= Future Shock Comics =

American comic strip

Future Shock Comics was a self-syndicated comic strip drawn by Jim McGreal and written by his brother Pat McGreal. The daily strip dealt with science, technology and the world of tomorrow. The comic debuted in September 2009 in the Chicago Villager. It ran in 25 newspapers including the Chicago Tribune and the Pasadena Star News. It was discontinued in 2015.

Future Shock Comics borrowed its name from the 1970 novel Future Shock by Alvin Toffler. It has been described as "H.G. Wells meets Gary Larson".

== History ==
Comic books were a big influence on the McGreal brothers growing up, and this is reflected in the artwork and subject matter of Future Shock.

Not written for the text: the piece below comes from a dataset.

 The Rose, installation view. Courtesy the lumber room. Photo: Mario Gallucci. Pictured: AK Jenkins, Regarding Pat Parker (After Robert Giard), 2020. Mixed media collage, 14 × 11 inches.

The concept was created by Pat McGreal early in 2009 and was originally titled “In the Near Future.” The intention was to produce a daily single panel cartoon about the future. Frequent themes are the environment, robots, time travel, extraterrestrials, computers and space travel. Future Shock has no reoccurring characters.

In July 2010, a Future Shock cartoon appeared in the science magazine Physics Today. The cartoon parodied a recent discovery of water on the Moon. Two enterprising Moon men are seen bottling water from the Moon River while commenting, “If they pay two bucks for it down there, they’ll surely pay four bucks for it up here!”

In October 2011, the McGreals released their first collection, simply titled Future Shock Comics. In May 2012, the artists were invited to speak at a symposium on the current state of on-line comics sponsored by Chicago's Beverly Arts Council. On December 30, 2012, Future Shock made its debut in the Chicago Tribune. Production was discontinued in 2015.